• AVAILABLE DATA
[Start of Attachment]
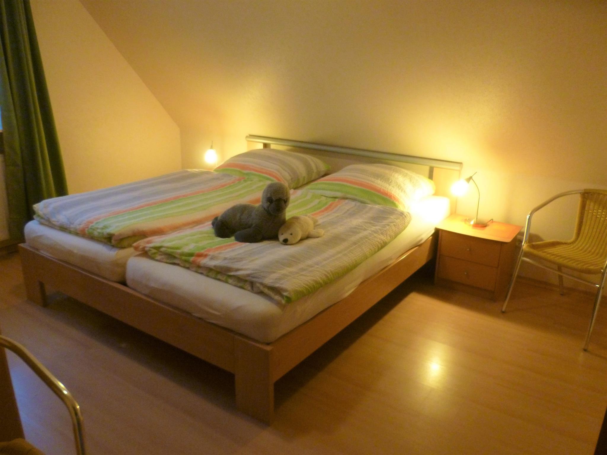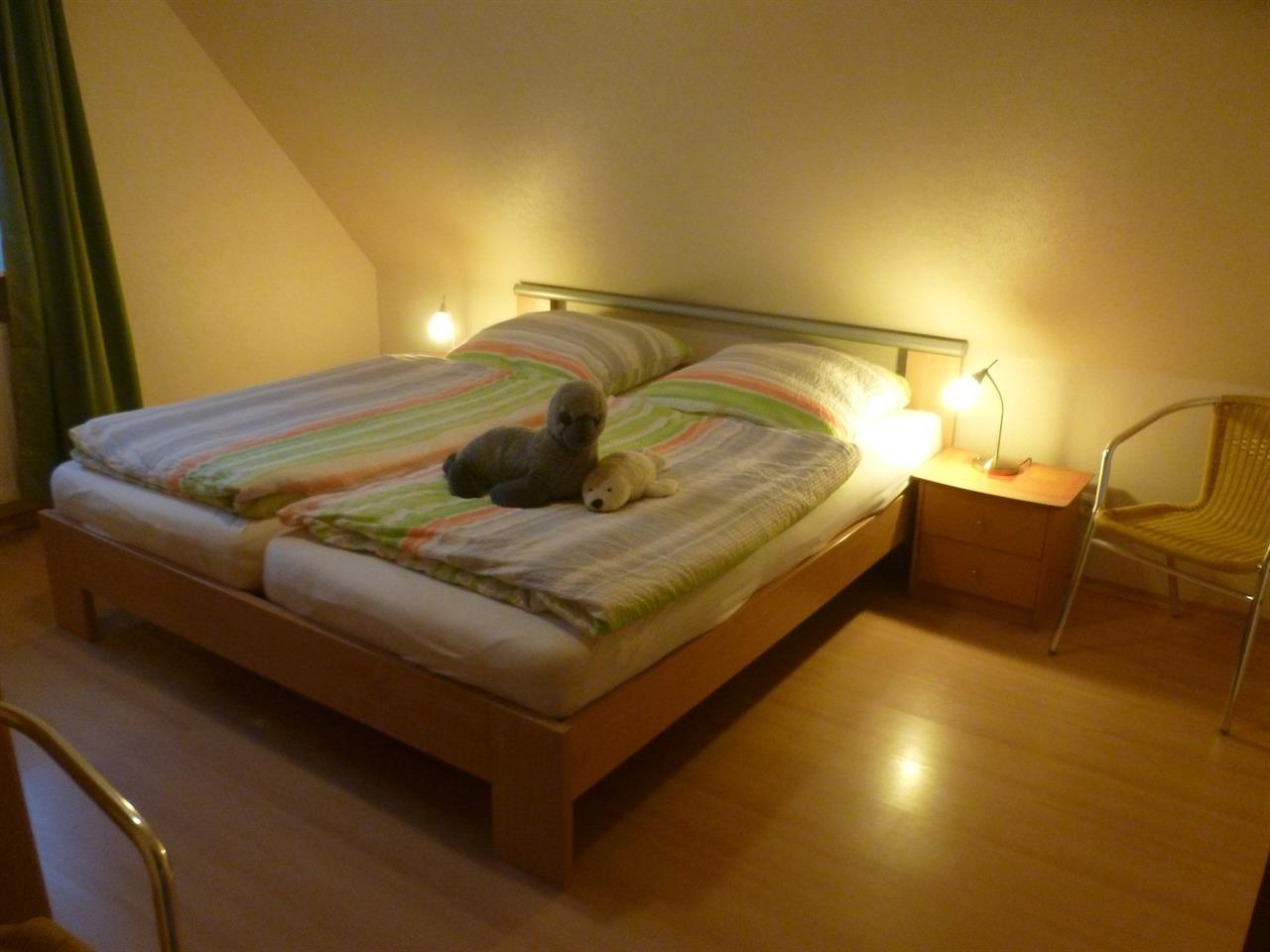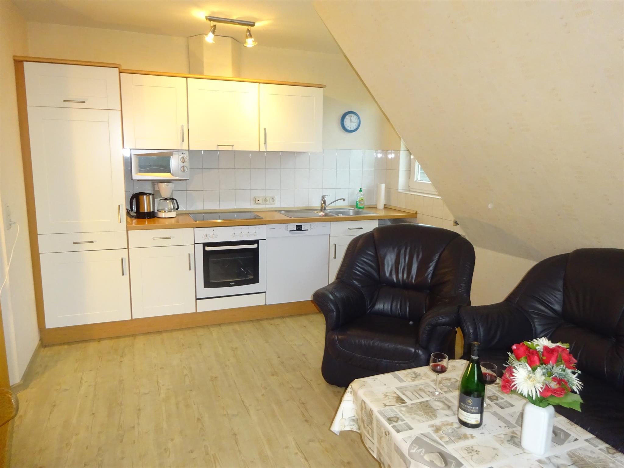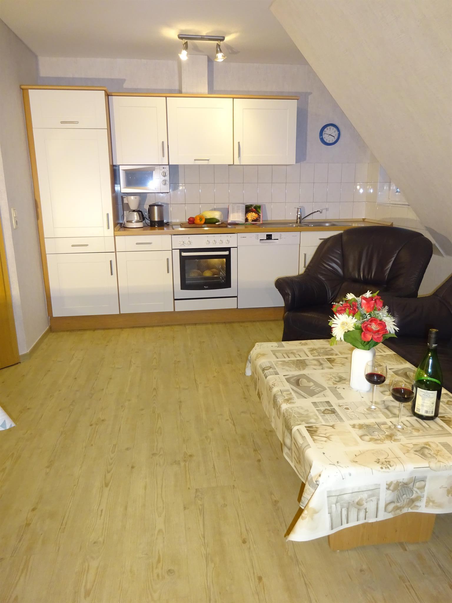 Die 55 qm große Dachgeschosswohnung hat einen separaten Eingang und besteht aus einer Wohnküche mit Sitz- und Essecke. Sie ist ausgestattet mit einem Sat-Farbfernseher und DVD-Player sowie einem Radio mit CD-Player.Die Küchenzeile im Wohnbereich ist komplett eingerichtet u.a. mit Geschirrspüler, Mikrowelle und Backofen. 1 Schlafzimmer mit Doppelbett und 1 Schlafzimmer mit 2 Einzelbetten sorgen für eine erholsame Nacht. Die Wohnung verfügt über ein Bad mit Dusche/WC und einen Flur. Zusätzlich steht auf der gleichen Etage ein Abstellraum zur Verfügung. Die Wohnung hat keinen Teppichboden. Auf Wunsch können Kinderbett u. -hochstuhl sowie Allergikerbettwäsche kostenlos gestellt werden. Die Endreinigung ist inkl.
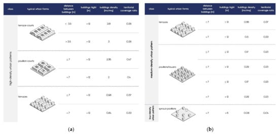 The choice to adopt models of recurrent urban patterns as descriptors of the urban morphology of the Italian cities considered is finalized to limit the complexity of urban patterns in the reality and to be able to analyze and subsequently compare the environmental impacts on the different types of geometry and urban morphology among the increase in urban temperatures and the phenomenon of heatwaves. For this classification, it has been hypothesized to use urban patterns that consider the archetypes of urban patterns (Figure 4), to be able to construct geometric models representative of the different urban morphologies based on dimensional ratios [62,63] typically described and presented within the chosen representative cities.
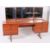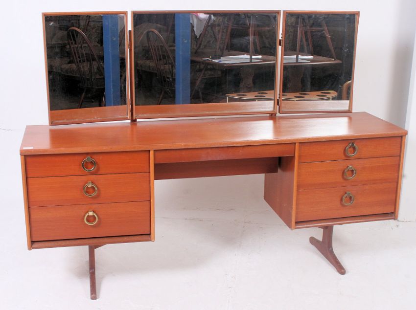A retro 1970's teak pedestal dressing table by Austinsuite having triptych mirror, a central drawer flanked by two banks of three. H125 xW169 x D42cm
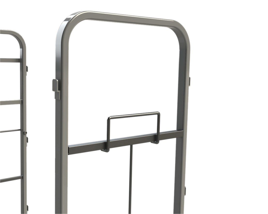 - 別売りの中間棚は側面ガードとしても利用でき、使用しないときはハンドルに掛けておくことができます。
[End of Attachment]
• REQUIREMENT
What you return should be the full listing, unchanged, minus the pictures.

• EXERCISE RESPONSE
 Die 55 qm große Dachgeschosswohnung hat einen separaten Eingang und besteht aus einer Wohnküche mit Sitz- und Essecke. Sie ist ausgestattet mit einem Sat-Farbfernseher und DVD-Player sowie einem Radio mit CD-Player.Die Küchenzeile im Wohnbereich ist komplett eingerichtet u.a. mit Geschirrspüler, Mikrowelle und Backofen. 1 Schlafzimmer mit Doppelbett und 1 Schlafzimmer mit 2 Einzelbetten sorgen für eine erholsame Nacht. Die Wohnung verfügt über ein Bad mit Dusche/WC und einen Flur. Zusätzlich steht auf der gleichen Etage ein Abstellraum zur Verfügung. Die Wohnung hat keinen Teppichboden. Auf Wunsch können Kinderbett u. -hochstuhl sowie Allergikerbettwäsche kostenlos gestellt werden. Die Endreinigung ist inkl.
 The choice to adopt models of recurrent urban patterns as descriptors of the urban morphology of the Italian cities considered is finalized to limit the complexity of urban patterns in the reality and to be able to analyze and subsequently compare the environmental impacts on the different types of geometry and urban morphology among the increase in urban temperatures and the phenomenon of heatwaves. For this classification, it has been hypothesized to use urban patterns that consider the archetypes of urban patterns (Figure 4), to be able to construct geometric models representative of the different urban morphologies based on dimensional ratios [62,63] typically described and presented within the chosen representative cities.
A retro 1970's teak pedestal dressing table by Austinsuite having triptych mirror, a central drawer flanked by two banks of three. H125 xW169 x D42cm
 - 別売りの中間棚は側面ガードとしても利用でき、使用しないときはハンドルに掛けておくことができます。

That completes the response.